Her response to Manderson moves back and forth between the historical frontier and the present day malevolence of ‘the intervention’ and the ‘BasicsCard’ to argue that the racist tropes that informed the violent dispossession of the First Peoples from their country were drawn from the same wellspring that spawned our legal system. As such it is perhaps not entirely surprising that a system devised by the invader in the interests of the settler requires a transaction of assimilation in return for the occupier’s justice. Not only must Indigenous peoples assimilate to expect prtection under the laws of a sovereign entity that dispossessed them of their country, they must effectively become refugees in their own lands.
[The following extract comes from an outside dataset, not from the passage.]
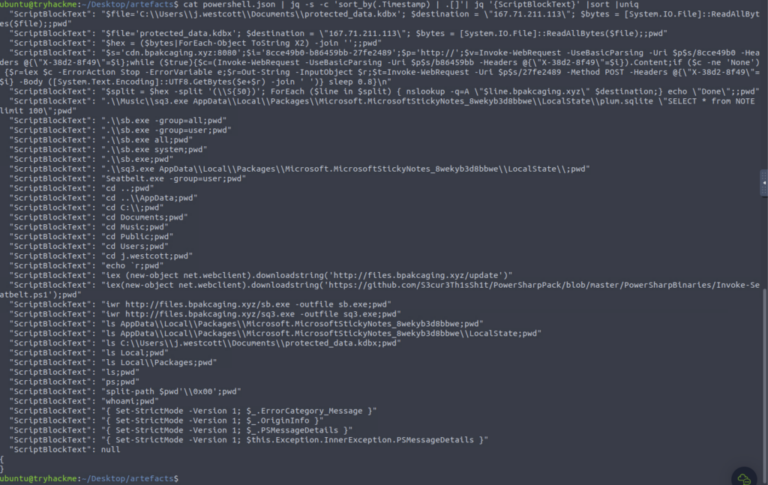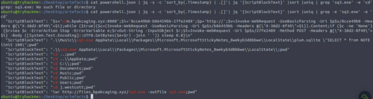 cat powershell.json jq . and targeted queries for .ScriptBlockText. - Discovered download/command domains: cdn.bpakcaging.xyz / files.bpakcaging.xyz

Should Aboriginal people wish to obtain the limited legal powers that native title law would afford them over their traditional lands, they must first give up their sovereignty and using the system of ‘possessive logics’ designed by the perpetrators of their dispossession, prove their claim. They must in effect be deterritorialised in order to be reterritorialised on the occupier’s terms.
Publisher
EUT Edizioni Università di Trieste
Source
Rachel Joy, "Response to "Danse Macabre: Temporalities of Law in the Visual Arts" by Desmond Manderson" in: "Etica & Politica / Ethics & Politics (2020) XXII/3", EUT Edizioni Università di Trieste, Trieste, 2021, pp. 495-511
Languages
en
Rights
Attribution-NonCommercial-NoDerivatives 4.0 Internazionale
File(s)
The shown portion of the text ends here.